- Exercise instructions: Keep the images out while you set down the data exactly.

[Records from a collection]

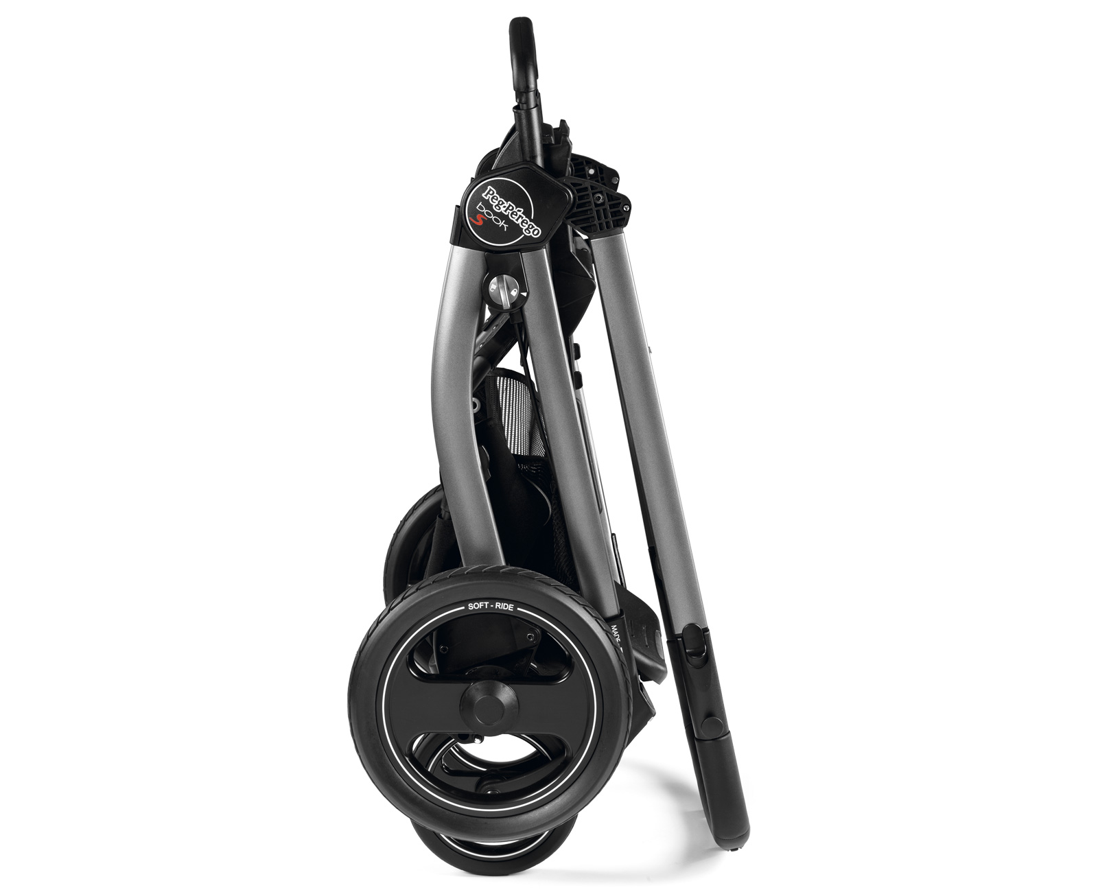 Шасси Peg Perego Book S с возможностью реверсивной установки удивительно универсальны и подходят для люлек Peg-Perego Culla, Young Navetta XL и Navetta Pop-Up, прогулочных сидений Switch и Pop-Up, а также автокресел группы 0+ Primo Viaggio Tri-Fix и Primo Viaggio SL. Таким образом, вы можете использовать их в качестве коляски для новорожденного, прогулочной коляски и коляски с автолюлькой, установленной на место прогулочного блока, для самых маленьких. Рама шасси шириной в 59 сантиметров входит почти в любой лифт. Передние колёса, поворачиваемые вокруг своей оси, для повышения маневренности, оснащены блокировкой в положении "прямо" для повышения проходимости на трудных поверхностях. Рычажок блокировки при этом расположен прямо на раме коляски сбоку, то есть, вам не придётся наклоняться и пачкать руки. Складываются шасси компактной книжкой.
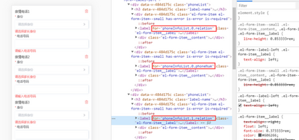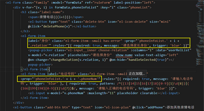 这样的rule、prop直接写就对应不上表单mode绑定的对象上的属性,所以在此要用循环的方式找到要校验的字段所在数据中的索引,然后再以字符串拼接的方式连上校验字段名称:
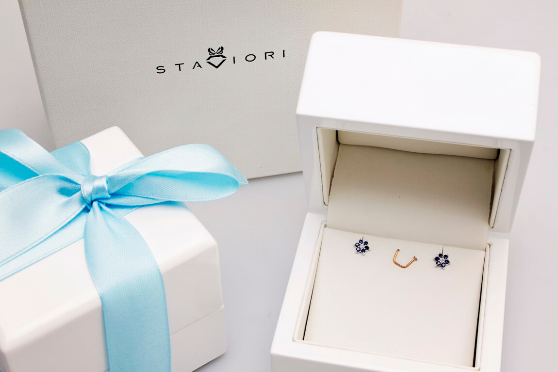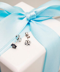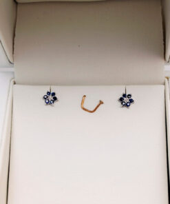 Subtelne kolczyki w kształcie kwiatuszków, wykonane z białego złota próby 0,585. Każdy z nich ozdobiony jest sześcioma naturalnymi szafirami o głębokiej, niebieskiej barwie oraz centralnym diamentem w szlifie brylantowym. To klasyczna, ale jednocześnie pełna wdzięku forma, która doskonale sprawdzi się na co dzień oraz jako elegancki dodatek na wyjątkowe okazje. Zmysłowe połączenie chłodnych tonów szafirów i białego złota nadaje im ponadczasowy charakter.
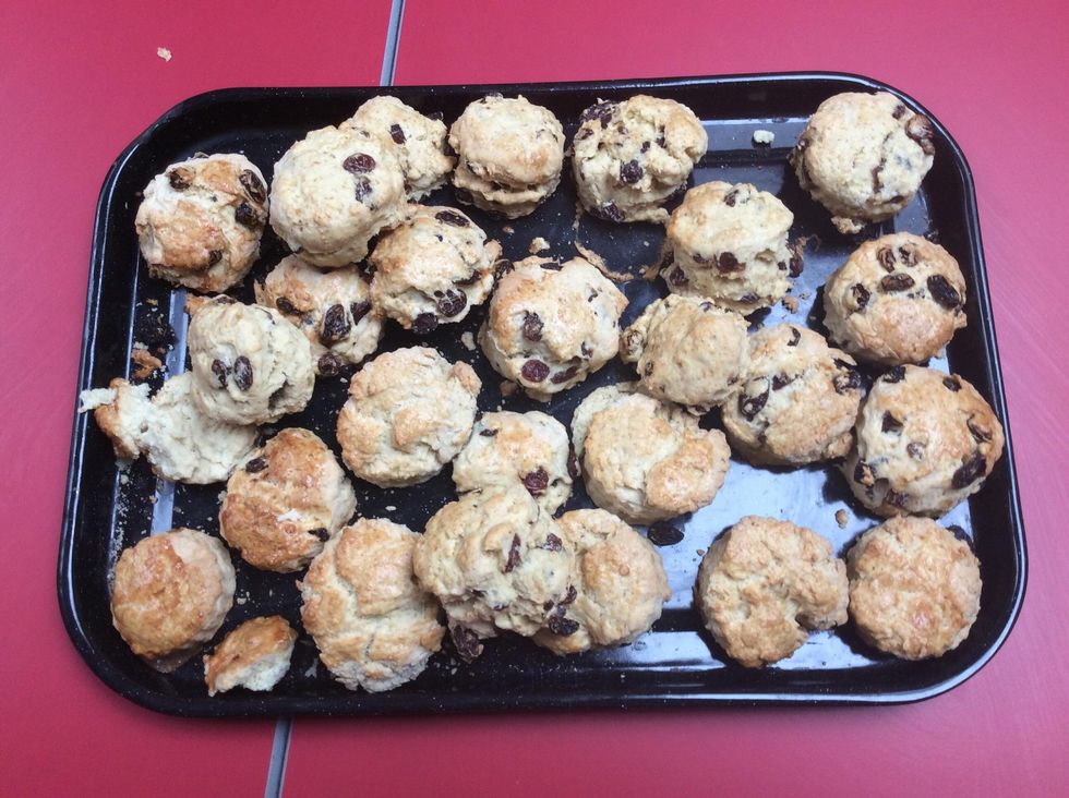 Then add the milk and make a dough. After that roll out the dough to 2cm thick and cut out rounds. Glaze with a beaten egg. Bake for 12-15 mins at 220 degrees.
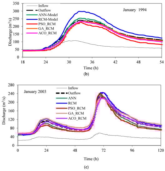 The other methods (GA, PSO, and ACO) were also tested against the RCM. These optimization methods, using the same flow hydrographs (the ones used in the training of the ANN) and by minimizing the same error function (Equation (11)) found the optimal values of the RCM parameters. We herein named them accordingly. For example, when the optimal values of the RCM are found using the GA method, we called it GA_RCM model. In the GA_RCM modeling, 80 chromosomes, 80% cross-over rate, and 4% mutation rate were used. The search space was (−3, 3) and (−10, 10) for α and β, respectively. It took 4200, 4600 and 6000 iterations for ACO_RCM, GA_RCM and SPO_RCM, respectively, to reach the optimum solutions. Table 2 presents the optimum values obtained by these methods.

- Output of the task:
 Шасси Peg Perego Book S с возможностью реверсивной установки удивительно универсальны и подходят для люлек Peg-Perego Culla, Young Navetta XL и Navetta Pop-Up, прогулочных сидений Switch и Pop-Up, а также автокресел группы 0+ Primo Viaggio Tri-Fix и Primo Viaggio SL. Таким образом, вы можете использовать их в качестве коляски для новорожденного, прогулочной коляски и коляски с автолюлькой, установленной на место прогулочного блока, для самых маленьких. Рама шасси шириной в 59 сантиметров входит почти в любой лифт. Передние колёса, поворачиваемые вокруг своей оси, для повышения маневренности, оснащены блокировкой в положении "прямо" для повышения проходимости на трудных поверхностях. Рычажок блокировки при этом расположен прямо на раме коляски сбоку, то есть, вам не придётся наклоняться и пачкать руки. Складываются шасси компактной книжкой.
 这样的rule、prop直接写就对应不上表单mode绑定的对象上的属性,所以在此要用循环的方式找到要校验的字段所在数据中的索引,然后再以字符串拼接的方式连上校验字段名称:
 Subtelne kolczyki w kształcie kwiatuszków, wykonane z białego złota próby 0,585. Każdy z nich ozdobiony jest sześcioma naturalnymi szafirami o głębokiej, niebieskiej barwie oraz centralnym diamentem w szlifie brylantowym. To klasyczna, ale jednocześnie pełna wdzięku forma, która doskonale sprawdzi się na co dzień oraz jako elegancki dodatek na wyjątkowe okazje. Zmysłowe połączenie chłodnych tonów szafirów i białego złota nadaje im ponadczasowy charakter.
 Then add the milk and make a dough. After that roll out the dough to 2cm thick and cut out rounds. Glaze with a beaten egg. Bake for 12-15 mins at 220 degrees.
 The other methods (GA, PSO, and ACO) were also tested against the RCM. These optimization methods, using the same flow hydrographs (the ones used in the training of the ANN) and by minimizing the same error function (Equation (11)) found the optimal values of the RCM parameters. We herein named them accordingly. For example, when the optimal values of the RCM are found using the GA method, we called it GA_RCM model. In the GA_RCM modeling, 80 chromosomes, 80% cross-over rate, and 4% mutation rate were used. The search space was (−3, 3) and (−10, 10) for α and β, respectively. It took 4200, 4600 and 6000 iterations for ACO_RCM, GA_RCM and SPO_RCM, respectively, to reach the optimum solutions. Table 2 presents the optimum values obtained by these methods.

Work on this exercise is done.